Task | Please repeat, exactly as written, every line from the one containing "Lego Duplo Cars" through the last line of the records, both included, and leave out any pictures.

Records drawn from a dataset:
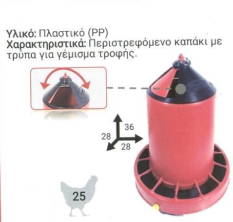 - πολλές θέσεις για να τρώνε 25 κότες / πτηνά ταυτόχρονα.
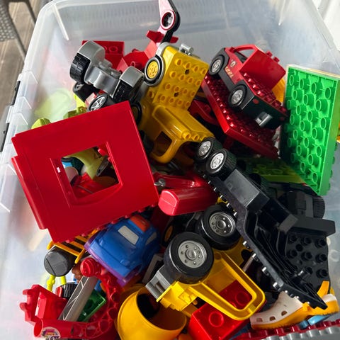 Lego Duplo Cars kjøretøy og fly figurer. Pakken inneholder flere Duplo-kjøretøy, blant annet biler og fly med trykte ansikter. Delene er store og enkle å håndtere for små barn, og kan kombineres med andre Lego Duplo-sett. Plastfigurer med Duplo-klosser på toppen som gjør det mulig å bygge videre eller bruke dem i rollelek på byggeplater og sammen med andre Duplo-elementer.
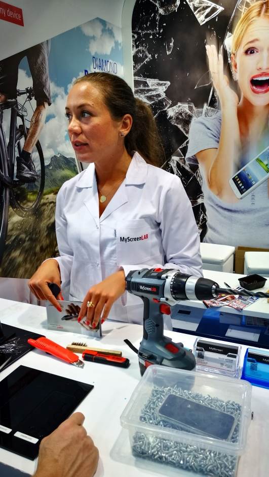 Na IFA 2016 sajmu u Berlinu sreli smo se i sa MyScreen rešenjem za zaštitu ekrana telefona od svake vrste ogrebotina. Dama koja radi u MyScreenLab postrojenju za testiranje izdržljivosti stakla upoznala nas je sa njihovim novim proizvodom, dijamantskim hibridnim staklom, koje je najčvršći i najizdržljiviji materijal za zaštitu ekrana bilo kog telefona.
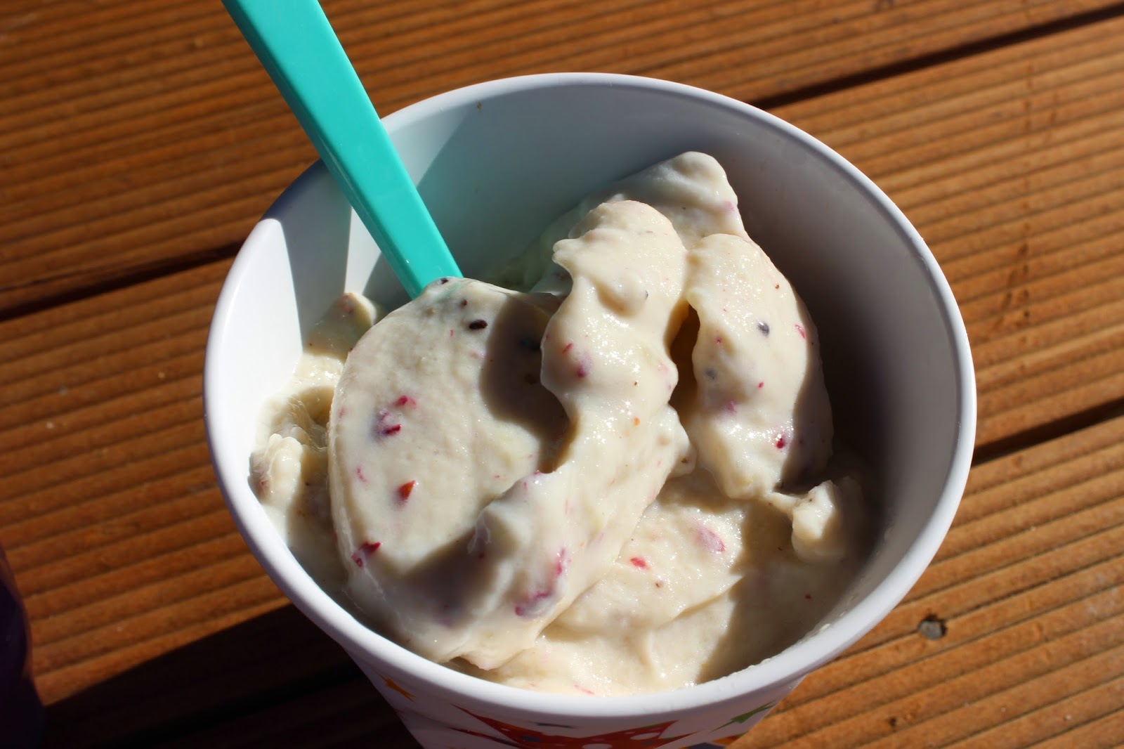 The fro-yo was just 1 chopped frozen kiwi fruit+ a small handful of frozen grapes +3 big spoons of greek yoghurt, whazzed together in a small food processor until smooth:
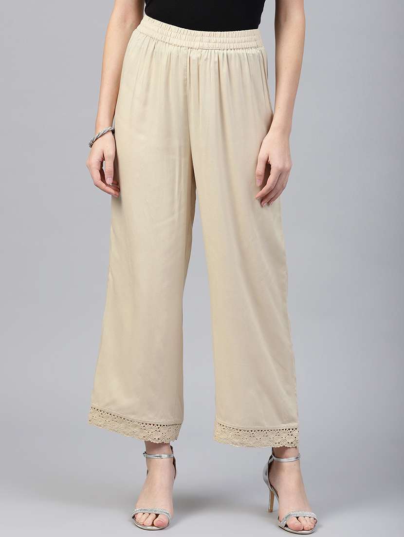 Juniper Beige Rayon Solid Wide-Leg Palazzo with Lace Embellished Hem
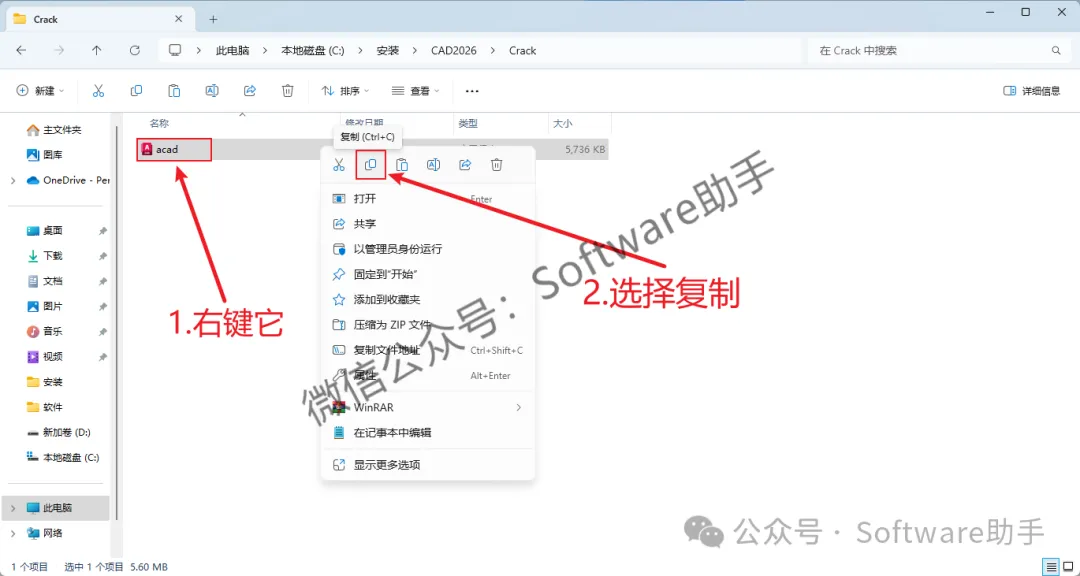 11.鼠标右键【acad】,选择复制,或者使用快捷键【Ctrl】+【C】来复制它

Your response |
 Lego Duplo Cars kjøretøy og fly figurer. Pakken inneholder flere Duplo-kjøretøy, blant annet biler og fly med trykte ansikter. Delene er store og enkle å håndtere for små barn, og kan kombineres med andre Lego Duplo-sett. Plastfigurer med Duplo-klosser på toppen som gjør det mulig å bygge videre eller bruke dem i rollelek på byggeplater og sammen med andre Duplo-elementer.
 Na IFA 2016 sajmu u Berlinu sreli smo se i sa MyScreen rešenjem za zaštitu ekrana telefona od svake vrste ogrebotina. Dama koja radi u MyScreenLab postrojenju za testiranje izdržljivosti stakla upoznala nas je sa njihovim novim proizvodom, dijamantskim hibridnim staklom, koje je najčvršći i najizdržljiviji materijal za zaštitu ekrana bilo kog telefona.
 The fro-yo was just 1 chopped frozen kiwi fruit+ a small handful of frozen grapes +3 big spoons of greek yoghurt, whazzed together in a small food processor until smooth:
 Juniper Beige Rayon Solid Wide-Leg Palazzo with Lace Embellished Hem
 11.鼠标右键【acad】,选择复制,或者使用快捷键【Ctrl】+【C】来复制它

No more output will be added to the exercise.